The 40CU card is clocked very high (1750-1900 Mhz) likely way past its perf/watt sweet spot
A 64CU card can be clocked lower and achieve greater perf/watt. 7nm yields can also factor in higher than  needed voltages
| 64CUs (72 CUs - 8 disabled) - Frequency  | Teraflops | 
|---|
1500  | 12.28  | 
1580  | 12.94  | 
1600  | 13.1  | 
1650  | 13.5  | 
 
		 
		
	 
1600-1650Mhz are out of question imo.
And the number of CUs I don't believe it will have 72CUs.

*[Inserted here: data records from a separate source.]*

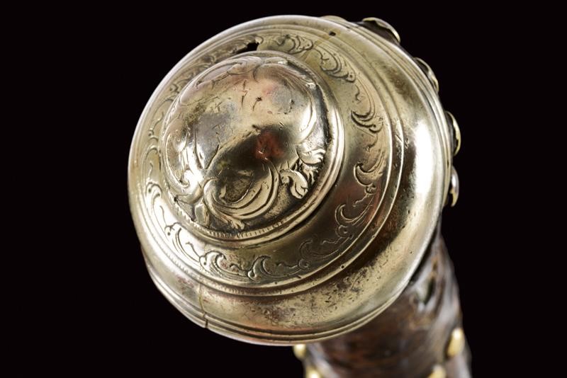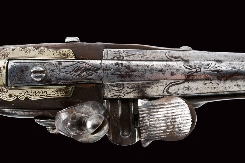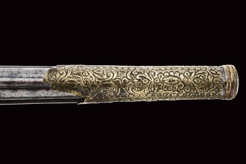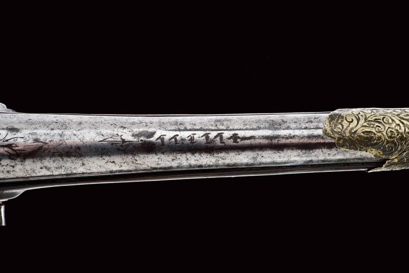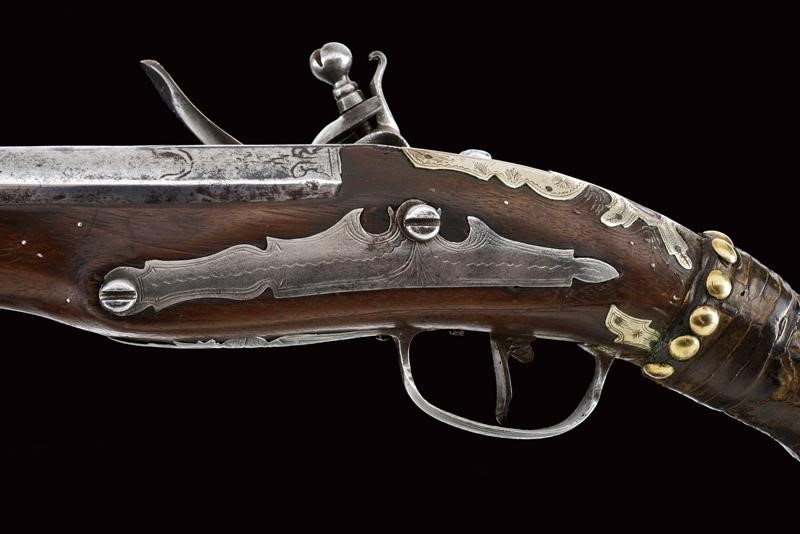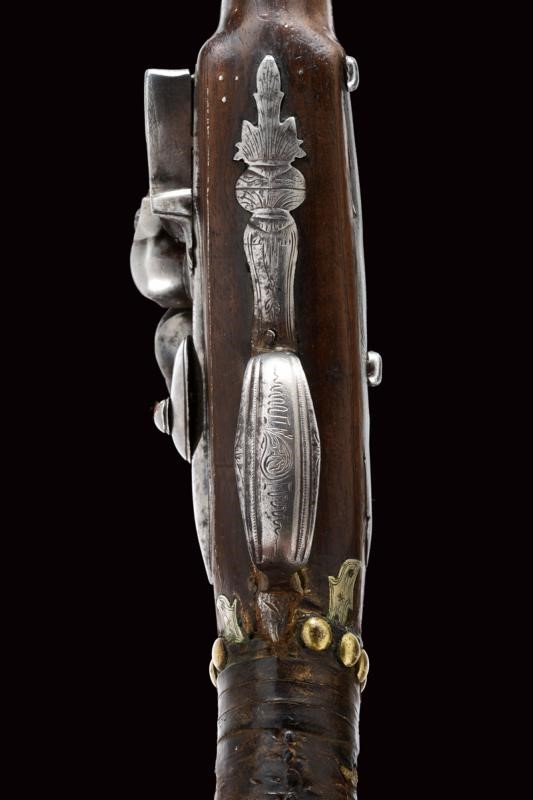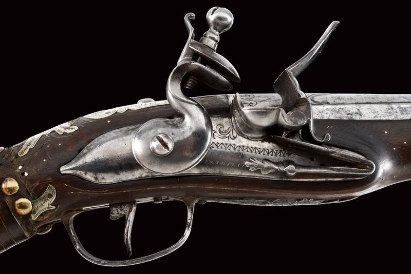 Canna liscia tonda, con base quadra e bindella, il segmento iniziale con sobrie incisioni floreali, la bindella marcata "111111"; cal. 15 mm. Codetta incisa. Batteria a pietra focaia con cartella tondeggiante ed incisa con simboli che fingono una firma. Cassa intera in legno con agemine, coccia e reggicanna in argento, parzialmente incisi. Ponticello e contropiastra in acciaio, decorati en suite. Tipica bacchetta finta. Il collo con resti di rivestimento in cuoio. Piccole mancanze e difetti.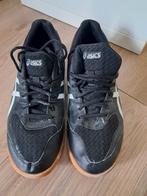Zwarte asics sportschoenen met witte strepen en een lichte zool. Geschikt voor binnen gebruik. Maat 41,5. Alleen ophalen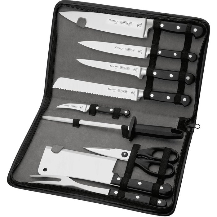 Descobrir novas receitas, preparar os alimentos da melhor forma e com os melhores instrumentos é parte da inspiração dos artistas. E, para tornar esta realidade uma arte, a Tramontina desenvolve seus utensílios com o que há de mais moderno, levando precisão, qualidade e beleza à sua cozinha. Uma linha completa para atender chefs, gourmets e aficcionados pela cozinha. Características: - Laminas em aço inox trazem qualidade e durabilidade ao jogo - Cabos de policarbonato com fibra de vidro trazem durabilidade e conforto ao uso - O estojo sintético traz proteção as peças do conjutn - O conjunto é tudo que sua cozinha precisa - Pode ser levado a lava-louça, assim facilita seu dia-dia - 25 anos de garantia - Cor do estojo e dos produtos são preto - A linha century traz uma qualidade acima da media do mercado e o melhor de tudo é que o preço cabe em seu bolso. Sendo um jogo de Facas completos que traz facas para desossar, pão, cozinha, a faca do chef, cutelo, garfo trichante, tesoura multiuso e chaira para deixar sempre os utensílios afiados. Garanta agora mesmo o seu produto e conheça a linha de alta qualidade da Tramontina, onde os produtos são produzido pensados nos mais pequenos detalhes, sempre prezando a qualidade e o conforto de quem utiliza. Mas lembre-se, está oferta é por tempo limitado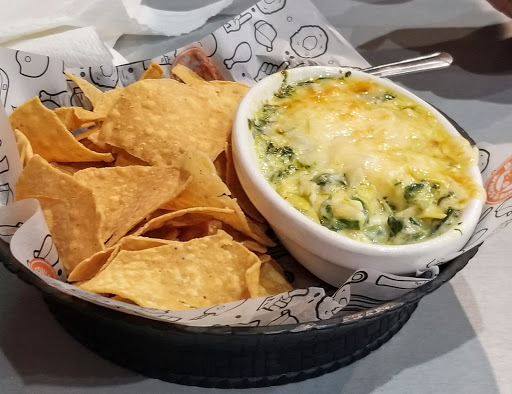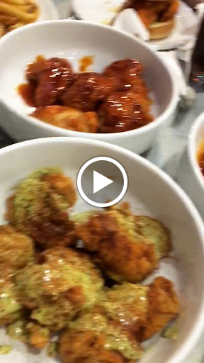 Came in after lunch on a Tuesday, was not busy. Great staff, excellent selection of sauces to go with the bone in/bone out wings and chicken tenders. Has a bar with a nice selection of alcoholic drinks, although a limited selection of soda. Nice place to beat the heat.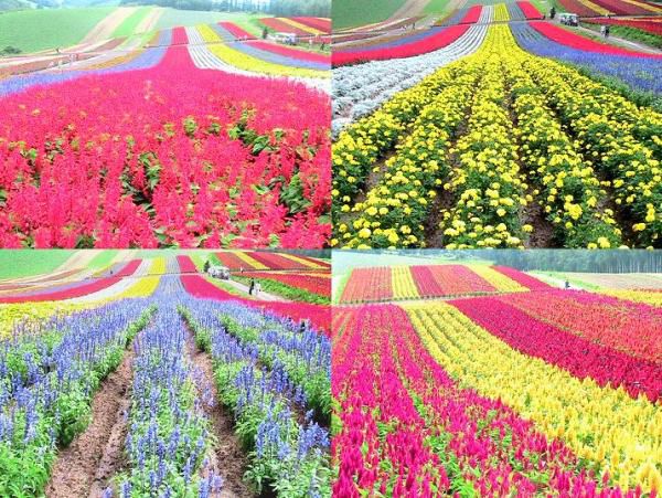 来到“四季彩之丘”:“以雄伟的大雪山峰峦和丘陵的景色为背景,铺展开了7公顷的花圃,景致超群。从春天到秋天,能看到30种不同种类的花卉。”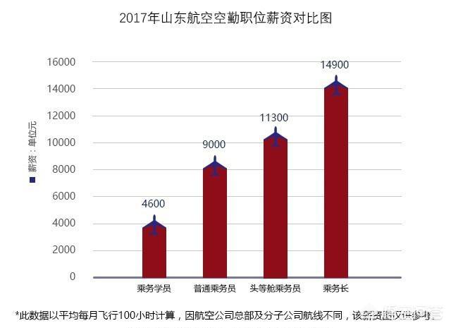 上图为山东航空公司2017年,不同级别的空姐的工资对比。这是假定空姐每月飞行时间为100小时,其他的因素不加以考虑。我们不难看出,山东航空公司空姐的工资是比较高的。但是,不同级别的空姐之间,工资差别也是很大。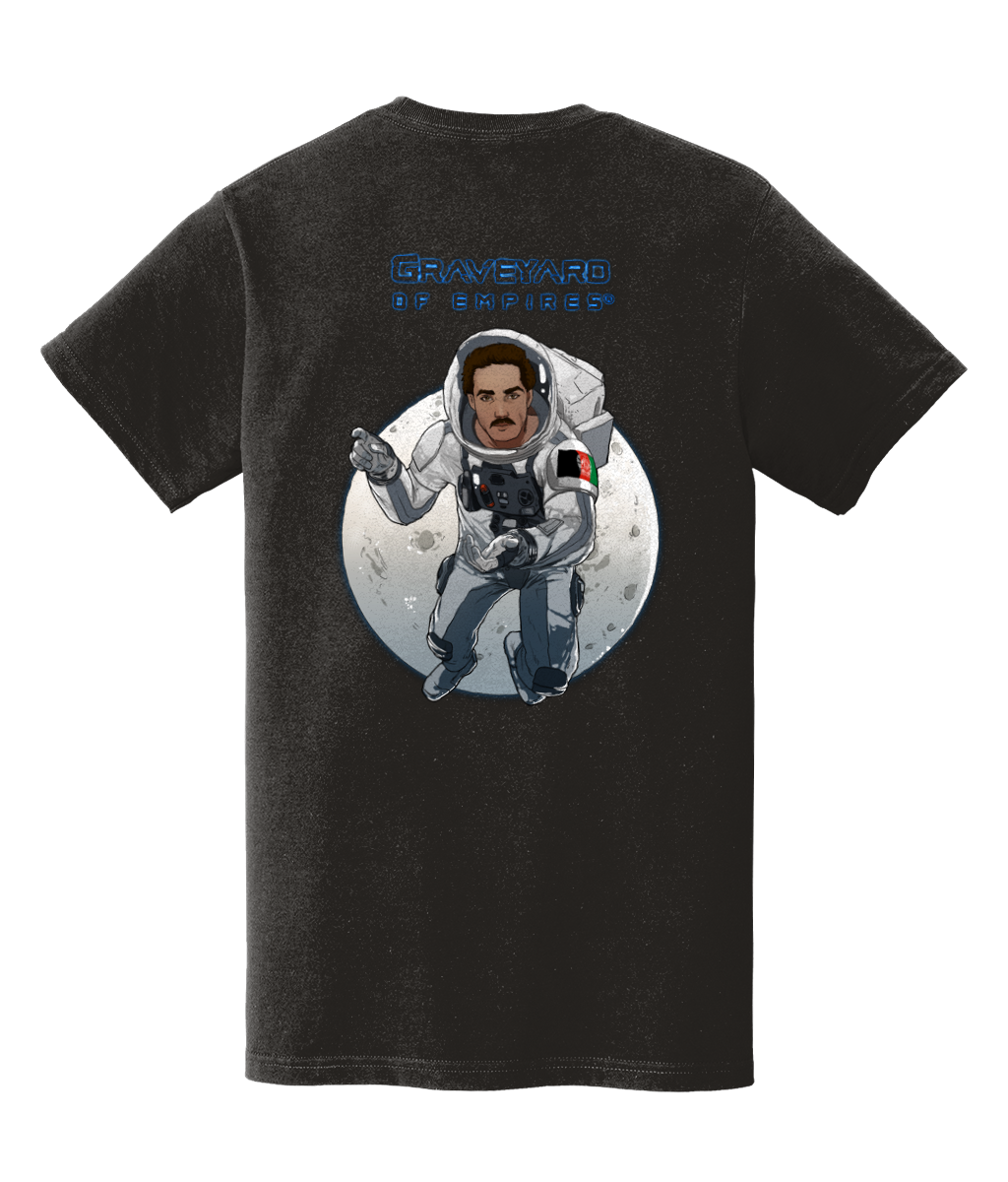 The "Abdul Ahad Momand" t-shirt, a powerful homage to Afghanistan's first astronaut. This shirt is a tribute to Mr Momand making Pashto the 4th language spoken in space.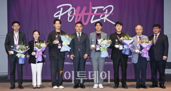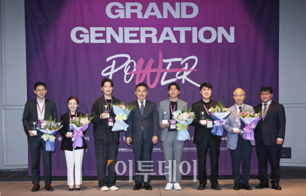 ▲17일 서울 중구 앰배서더 서울 풀만 호텔에서 열린 ‘2025 그랜드 제너레이션 콘퍼런스(GGC)’ 한국 그랜드 제너레이션 브랜드 대상(KGBA) 시상식에서 서용구 한국 그랜드 제너레이션 브랜드위원회 위원장과 수상자들이 기념촬영을 하고 있다. 왼쪽부터 유승구 메디버 대표, 김정은 365mc병원 올뉴강남점 대표원장, 박상우 시몬스 상무, 서 위원장, 민학래 퍼슨헬스케어 본부장, 박재병 케어닥 대표, 이병구 레이델코리아 대표, 신동민 이투데이피앤씨 대표. 조현호 기자 hyunho@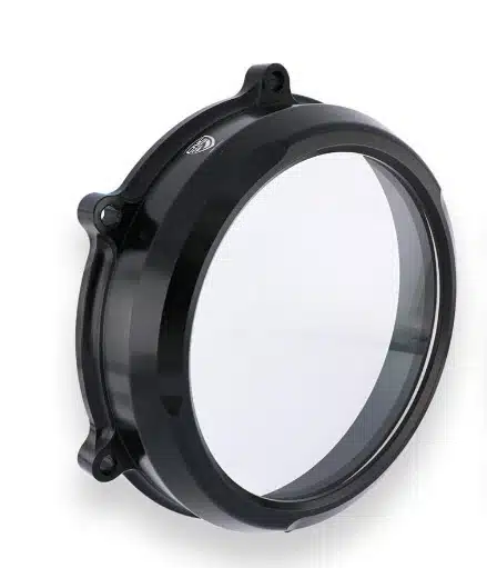 Muni d’une plaque en Lexan transparente ce couvercle vous permettra de voir fonctionner le mécanisme d’embrayage de votre moto en marche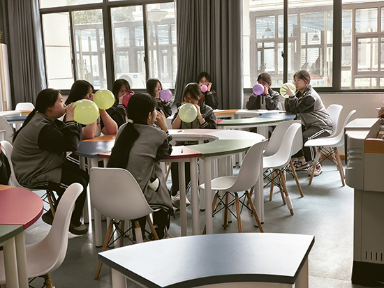 活动开场,一场趣味十足的吹气球破冰游戏瞬间点燃了现场气氛。参与者们在规定时间内努力吹气球,看着气球逐渐膨胀,现场充满了紧张又欢乐的氛围。在游戏过程中,部分参与者由于过于急切,气球甚至突然爆开,引得众人发出阵阵惊呼。这个游戏巧妙地模拟了考试时的紧张感,让大家在轻松愉快的氛围中初步体验到压力的变化,为后续深入探讨考试焦虑话题做了生动铺垫。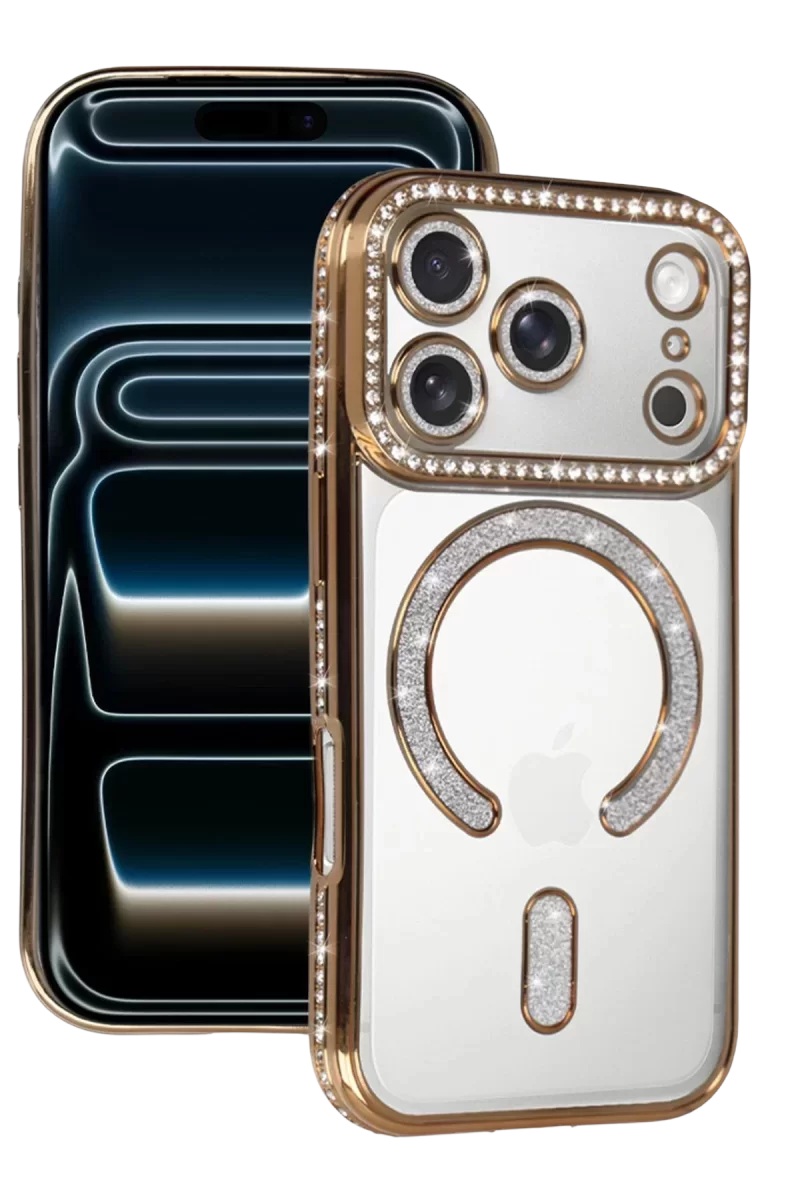 Newface Apple İphone 17 Pro Joke Simli Magneticsafe Kılıf – Gold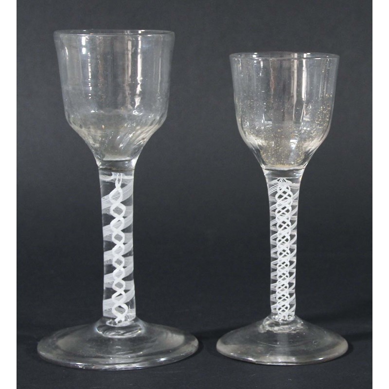 mid/late 18th century, the ogee bowl with moulded wrythen fluting on a stem with a double helix inside a white enamel fourteen strand single helix and spreading foot, height 14.5cm; together with another, similar, the bowl with moulded fluting, the stem with a white enamel four strand helix inside a four strand double helix, height 13.5cm (2)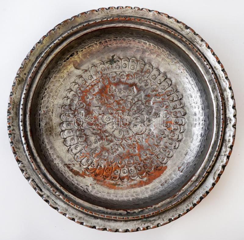 Keleti mintával díszített fém tál, kopott, d: 26 cm, m: 5 cm https://www.darabanth.com/hu/264-Gyorsarveres/264.0/Festmeny-mutargy-papirregiseg-egyeb/Bolhapiac~10/Keleti-mintaval-diszitett-fem-tal-kopott-d-26-cm-m-5-cm~II1320622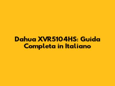 Dahua XVR5104HS: Guida Completa In Italiano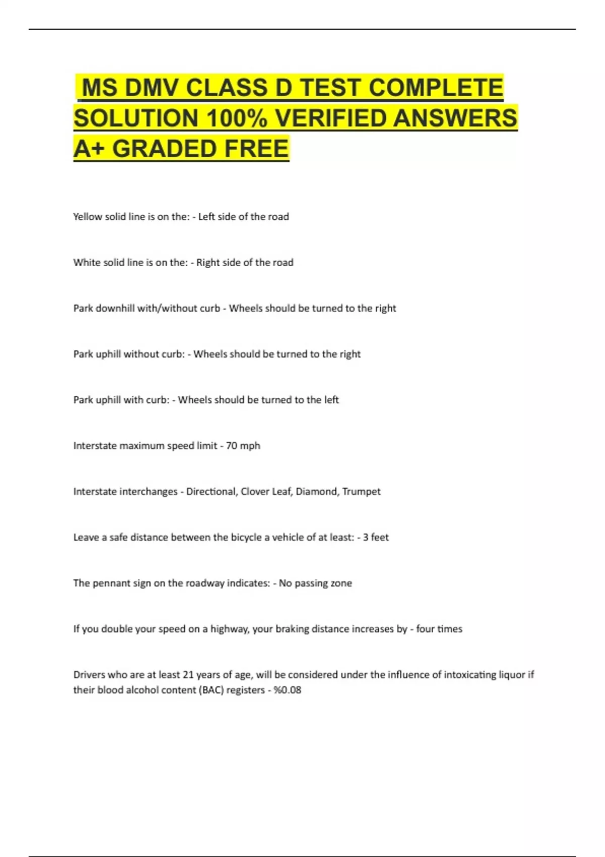 Exam of 5 pages for the course MS DMV CLASS at MS DMV CLASS (MS DMV CLASS D TEST)

The actual Shader Engine can have 20CUs...
So you have two paths that AMD can take to increase CUs:
1) Up to 4 Shader Engines:
You can have 4SEs with 16, 18, 20 CUs but not odd numbers.
In theory you can have these options: 4x14 (56), 4x16 (64) or 4x20 (80), etc... multiples of 8.
2) Continue with 2 Shader Engines:
If you stick with 2 Shader Engine then you can have: 2x14 (28), 2x16 (32), 2x18 (36) 2x20 (40)...multiples of 4... can you have more than 20CUs per SE?
Navi 20 will probably use that 4 SE configuration (curious enough it was the hardware limit of GCN maybe it is a limit here too) and I expect the same for PS5/Nextxbox.
48, 56, 64, 72 or 80 CUs are the options.
Using the most probably clock:
48CUs @ 1.5Ghz = 9.22TFs (7.68TFs with 8 disabled)
56CUs @ 1.5Ghz = 10.75TFs (9.22TFs with 8 disabled)
64CUs @ 1.5Ghz = 12.29TFs (10.75TFs with 8 disabled)
72CUs @ 1.5Ghz = 13.82TFs (12.29TFs with 8 disabled)
80CUs @ 1.5Ghz = 15.26TFs (13.82TFs with 8 disabled)
To be fair with the high power draw of RDNA I can only see the 
bolded being an option in a APU for consoles.